Author: Richard S. Dunn
Publisher: Princeton University Press
Published: 2015-12-08
Total Pages: 391
ISBN-13: 1400878721
DOWNLOAD EBOOKWhen Governor John Winthrop established the Massachusetts Bay Colony in 1630, he commenced a tradition of public service in which his family would participate for almost a century. His son, John, Jr., and his grandsons, Fitz John and Wait Still, were deeply involved in the colonial government of New England, although their motives were increasingly mixed with private interest. Mr. Dunn's portrayal of this important and interesting family illuminates the two most fundamental themes in early New England history: the gradual secularization of the New England conscience, and the continuous struggle to preserve local customs and privileges within an increasingly centralized English imperial system. Originally published in 1962. The Princeton Legacy Library uses the latest print-on-demand technology to again make available previously out-of-print books from the distinguished backlist of Princeton University Press.
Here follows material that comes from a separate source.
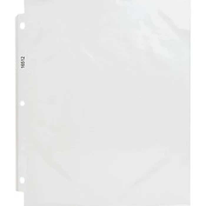 Durable, top-loading sheet protectors hold letter-size inserts without punching. Printed materials do not stick or lift off this specially formulated polypropylene material. Design features a reinforced strip at binding edge and three-hole punched sides. Die-cut corners on ring side allow heavyweight pages to turn freely. Oversized ring binders and indexes are sold separately.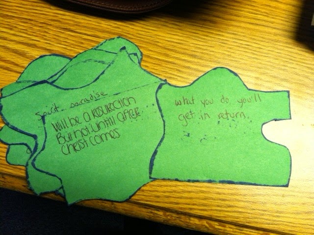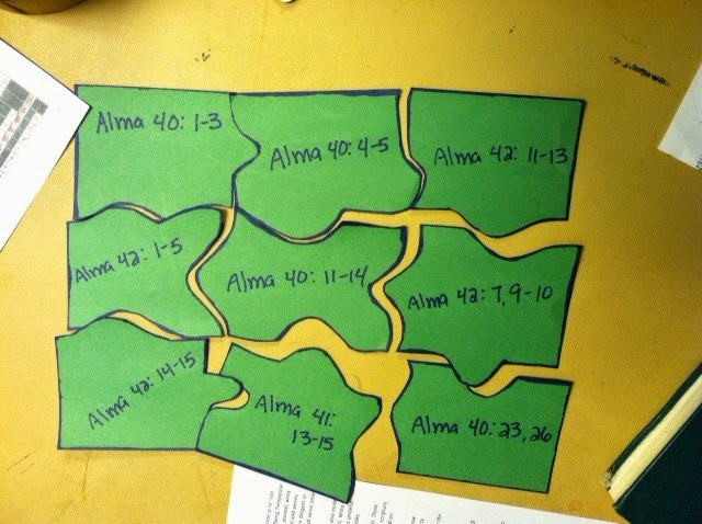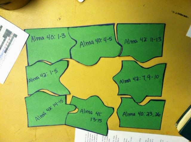 I broke them up into two groups for this activity. I made up my own pattern for a puzzle. On each piece I wrote a scripture verse from Alma 40-42 that related to the spirit world and the Resurrection.Then I put them in a baggie.

These editions preserve the original texts of these important books while presenting them in durable paperback and hardcover editions. The goal of the Princeton Legacy Library is to vastly increase access to the rich scholarly heritage found in the thousands of books published by Princeton University Press since its founding in 1905.
Author: David D. Hall
Publisher: Knopf
Published: 2011
Total Pages: 289
ISBN-13: 0679441174
DOWNLOAD EBOOKDistinguished historian Hall presents a revelatory account of New England's Puritans that shows them to have been the most daring and successful reformers of the Anglo-colonial world.